Sauf à priver une partie du droit à l’accès à un tribunal consacré par l’article 6, § 1, de la Convention européenne des droits de l’homme et des libertés fondamentales, l’absence de renvoi des conclusions aux pièces produites, qui ne fait l’objet d’aucune sanction, ne dispense pas la cour d’appel de son obligation d’examiner les pièces régulièrement versées aux débats et clairement identifiées dans les écritures prises au soutien des prétentions.

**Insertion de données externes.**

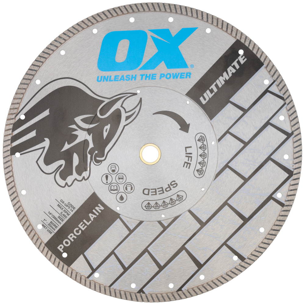 Built with the tradesperson in mind, the OX TOOLS UPT porcelain blade is specifically designed for cutting a variety of outdoor and some indoor porcelain, as well as vitrified/rectified outdoor tile.
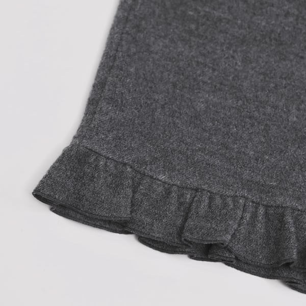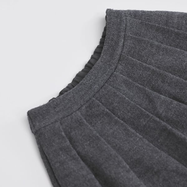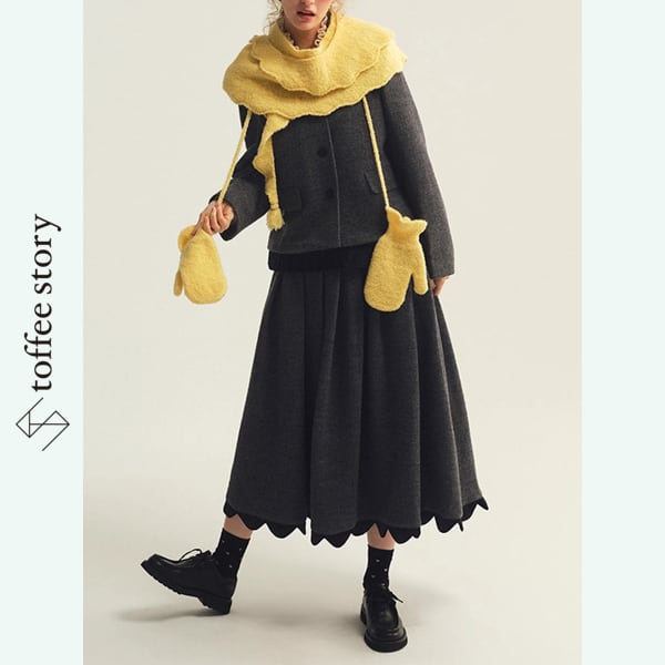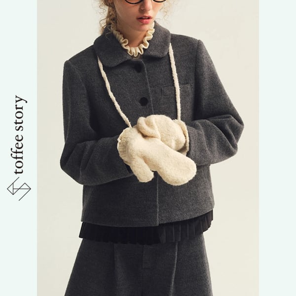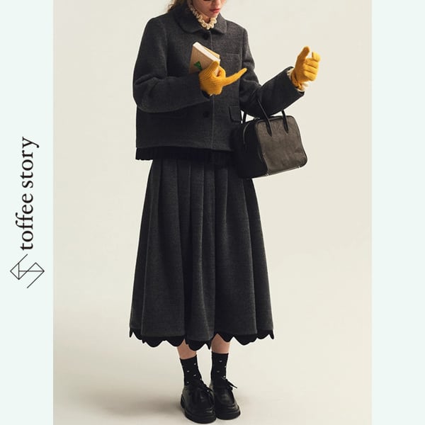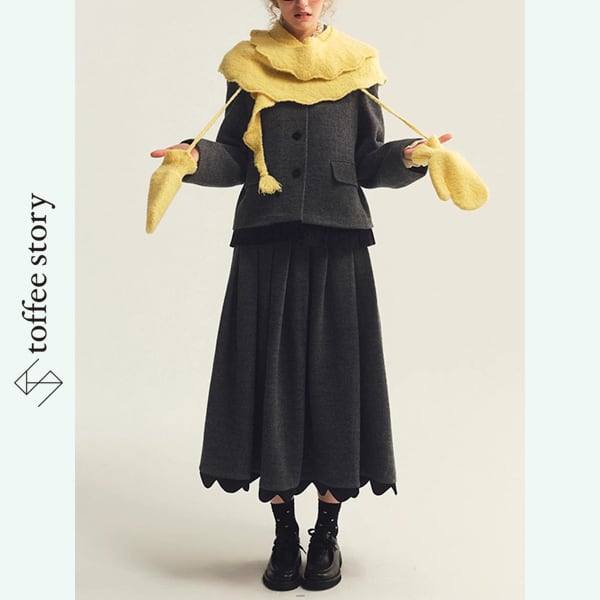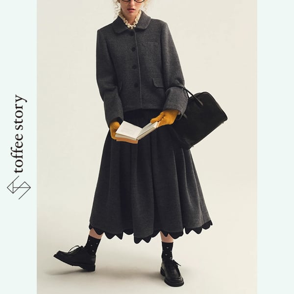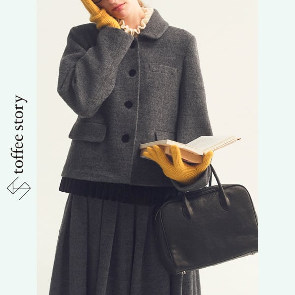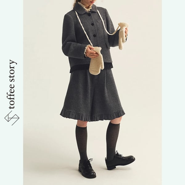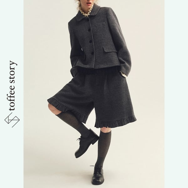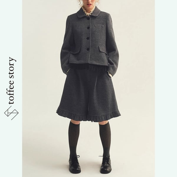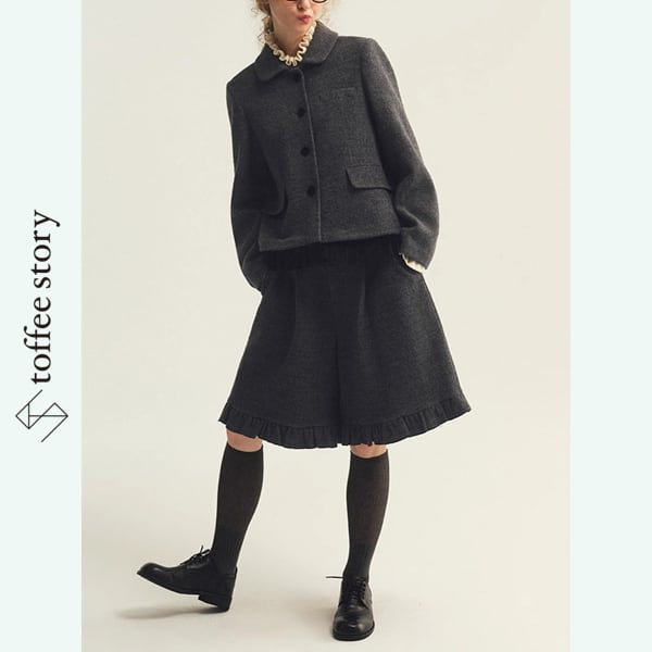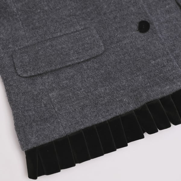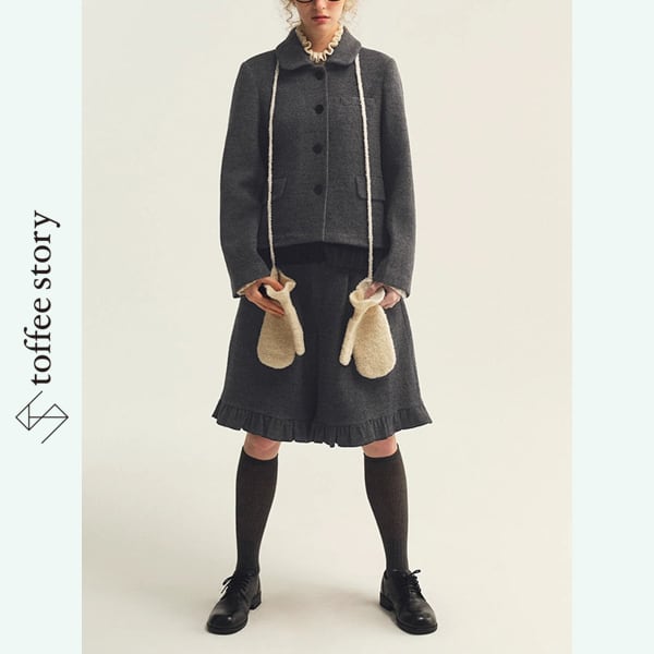 ダークグレーのショートコートは、裾に配されたブラックの襞が印象的。大きめの黒ボタンが並び、上品な存在感を放ちます。

Voilà que surgit à nouveau la problématique de la prétention sous l’angle cette fois du visa des pièces dans les écritures des parties. Dans leurs conclusions, les avocats ont pour habitude de viser les pièces au soutien de leur argumentation ou de leurs prétentions, par l’emploi d’un numéro qui correspond à celui des pièces listées dans leur bordereau de pièces. Mais avec quelle conséquence en cas d’omission ? Une partie avait relevé appel d’un jugement du tribunal judiciaire qui avait été saisi d’une demande d’ouverture des opérations de compte, liquidation et partage de l’indivision.

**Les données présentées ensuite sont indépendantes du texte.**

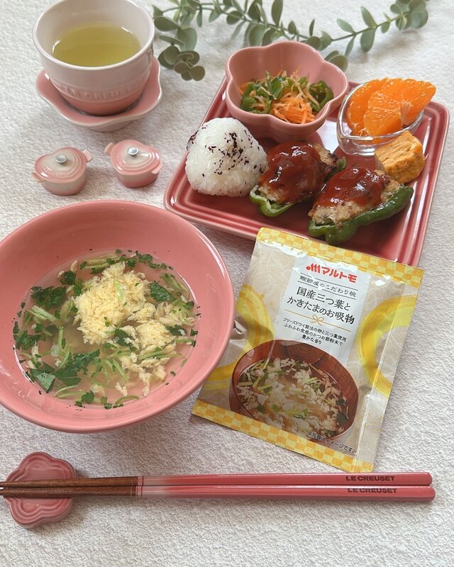 出汁には「マルトモ」のかつお粉末を使用。鰹旨味たっぷりなだしの感じが味わえる本格的なお吸い物です✨️
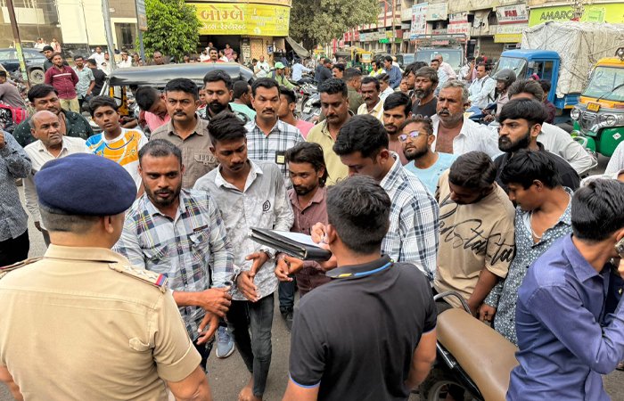 રાજકોટના રામનગરમાં આવેલા લોધેશ્વર સોસાયટીમાં રહેતા રવિ ભીખુભાઈ જરીયા ઉ.30 નામનો યુવક રાત્રે વિજય પ્લોટ તરફ જતો હતો ત્યારે પાછળથી અજાણ્યા ઈસમે સ્કુટરને ઠોકર મારતા જેથી યુવકે જોઈને ચલાવવાનું કહેતા શખસે તેના અન્ય સાગરીતોને બોલાવી રવિ સાથે ઝઘડો કરી ધોકા, લાકડી અને છરી વડે હુમલો કરતા જાહેર રોડ પર લોકોના ટોળા ઉમટી પડ્યા હતા હુમલાખોરો નાસી જતા ઈજાગ્રસ્ત યુવાનને સારવાર અર્થે સિવીલ હોસ્પિટલમાં ખસેડવામાં આવ્યો હતો બનાવનો વિડીયો સોશિયલ મિડીયામાં વાયરલ થતા એ ડિવીઝન પોલીસ મથકના પીઆઈ બી વી બોરીસાગર સહિતનો કાફલો દોડી ગયો હતો અને રાતોરાત જાહેરમાં હુમલો કરી તંગદિલી ફેલાવનાર કુખ્યાત આરોપી ફિરોઝ કરીમ કાથરોટિયા ઉ.20, સલીમ કરીમ કાથરોટિયા ઉ.26 અને પરેશ રમેશ વાઘેલા ઉ.19ને દબોચી લઇ આકરી સરભરા કરી કાયદાનું ભાન કરાવ્યું હતું જ્યારે કુખ્યાત ઈબ્રાહિમ ઉર્ફે ઇભલો પોલીસ પકડથી દૂર હોય તેની શોધખોળ હાથ ધરી છે ત્રણેયને ગોંડલ રોડ ઉપર જ્યાં રોફ જમાવ્યો હતો ત્યાં જ પોલીસે લઇ જઈ જાહેરમાં માફી મંગાવતા લુખ્ખાઓનું સરઘસ જોવા લોકોના ટોળા ઉમટયા હતા.
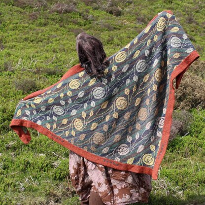 The shawl is a triangular design with a design of roses and leaves that is repeated horizontally and then vertically as you work from the bottom tip to the wide top. You may knit the small, medium or large sized version of the shawl by increasing the number of vertical pattern repeats.
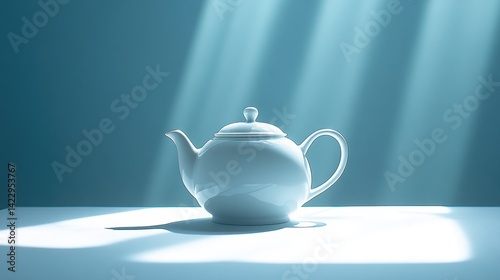 shot, white, tea, kettle, surface, illuminated, soft, diffused, light, highlight, clean, line

Pour débouter l’appelant de diverses demandes au titre d’une contribution à un prêt immobilier, la Cour d’appel d’Aix-en-Provence avait estimé, par arrêt du 23 février 2022, que « dans les douze pages que comptent les conclusions de M. [W], appelant, aucun renvoi n’est fait aux 95 pièces figurant dans son dernier bordereau de pièces. La cour n’est donc pas mise en mesure de vérifier les calculs de l’appelant et les preuves des règlements qu’il prétend avoir effectués seul ». Le demandeur au pourvoi arguait de la double violation des articles 6, § 1, de la Convention européenne droits de l’homme et 954 du code de procédure civile, et c’est au visa de ces deux articles que la deuxième chambre civile livre sa solution :

« 7. Selon le second de ces textes, les conclusions d’appel doivent formuler expressément les prétentions des parties et les moyens de fait et de droit sur lesquels chacune de ces prétentions est fondée avec indication pour chaque prétention des pièces invoquées et de leur numérotation. Un bordereau récapitulatif des pièces est annexé.
8. Pour confirmer le jugement, l’arrêt retient que dans les douze pages que comptent les conclusions de M. [W], aucun renvoi n’est fait aux quatre-vingt-quinze pièces figurant dans son dernier bordereau et qu’ainsi la cour d’appel n’est pas mise en mesure de vérifier les calculs de l’appelant et les preuves des règlements qu’il prétend avoir effectués.
9. En statuant ainsi, alors que, sauf à priver l’appelant du droit à l’accès à un tribunal consacré par l’article 6, § 1, de la Convention de sauvegarde des droits de l’homme et des libertés fondamentales, cette absence de renvoi par les conclusions aux pièces produites, qui n’est assortie d’aucune sanction, ne la dispensait pas de son obligation d’examiner les pièces régulièrement versées aux débats par M. [W] et clairement identifiées dans les conclusions prises au soutien de ses prétentions, la cour d’appel a violé les textes susvisés ».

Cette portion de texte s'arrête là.